BYD will consider building a second assembly plant in Europe in 2025 and will launch its Seagull electric car in Europe for less than 20,000 euros, the company's managing director for Europe, Michael Shu, said last week at the Future of the Car conference organised by the Financial Times. BYD hopes to become Europe's leading supplier of electric cars by the end of the century.

Electric cars typically cost about a third more than comparable fuel cars, mainly because of the high cost of batteries, which makes producing correspondingly cheaper cars quite difficult.

Last December BYD announced the construction of a new energy passenger car production base in the southeastern Hungarian city of Szeged, becoming the first Chinese carmaker to build a passenger car plant in the European Union.

Last October, BYD's passenger car business entered the Hungarian market for the first time - opening two shops in the Hungarian capital, Budapest, to display and sell three pure-electric models, the BYD ATTO 3 (Yuan PLUS), Dolphin and Seal.

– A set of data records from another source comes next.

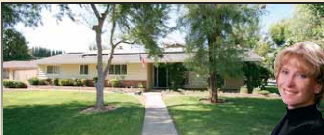
$35 ELECTRIC BILL? $388,800

4BR, 3.5BA in Fresno's premier NW neighborhood near Fig Garden Village. 13,500± sq.ft. lot gives privacy & room for friends. Quaint front porch, grand room w/fireplace, open kitchen is remodeled for gourmet cooks. Pool, spa, patio, & grassy area for entertaining. Solar power for low bills! Presented by Nikki Thomas
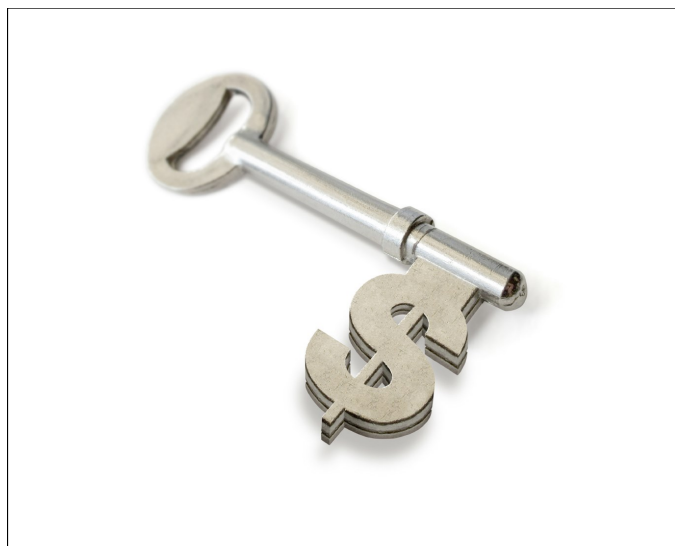
Dedication and a little hard work will pay off if you don't give up.

Once you have two or three letters of recommendation the rest of the application will be simple and you will feel confident in applying for all the scholarships you can.
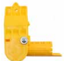
Long Swing Mate Item #35726
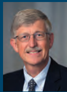
Francis Collins, M.D., Ph.D.

Director, National Institutes of Health (NIH)
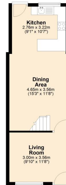
Ground Floor Approx. 36.8 sq. metres (396.1 sq. feet)
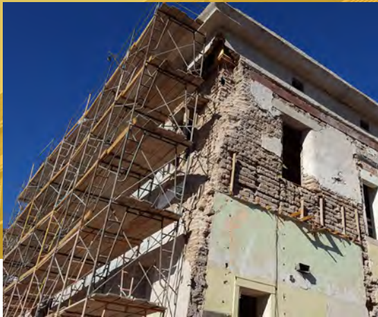
Construction and rehabilitation on Marist College - Tucson, AZ

Sometimes, surplus church property is located deep within the community and near major bus lines and, in the case of the Marist, right next to a light rail station. One of the most important factors to FSL as a developer is to locate our residents near or along mass transportation. The Marist College is a $1 per year, 75-year lease of land and building and FSL purchased the diocesan administrative building for $2.5 million.
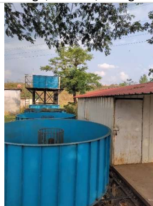
Built at a cost of 1.74 Crore, the fishery cages aren't working.
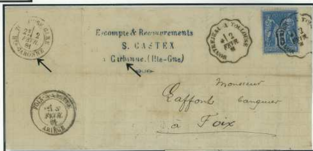
The absolute age of relics and remains was measured using radioactive carbon isotopes (Carbonne). - France Foix Carbonne postmark (21. 2. 1884) -

A number of Chinese battery makers, including CATL, Yiwei Lithium Energy and Xinwangda, have also announced their investments in Hungary. Hungary currently ranks fourth in the world in terms of power battery production.

Hungary has become an important trade partner for China. Last week, Chinese President Xi Jinping just visited the country. The two countries signed a total of 18 agreements. Hungary will take over the presidency of the EU Council later this year. Before the meeting, Xi said it was an opportunity to improve Europe-China relations.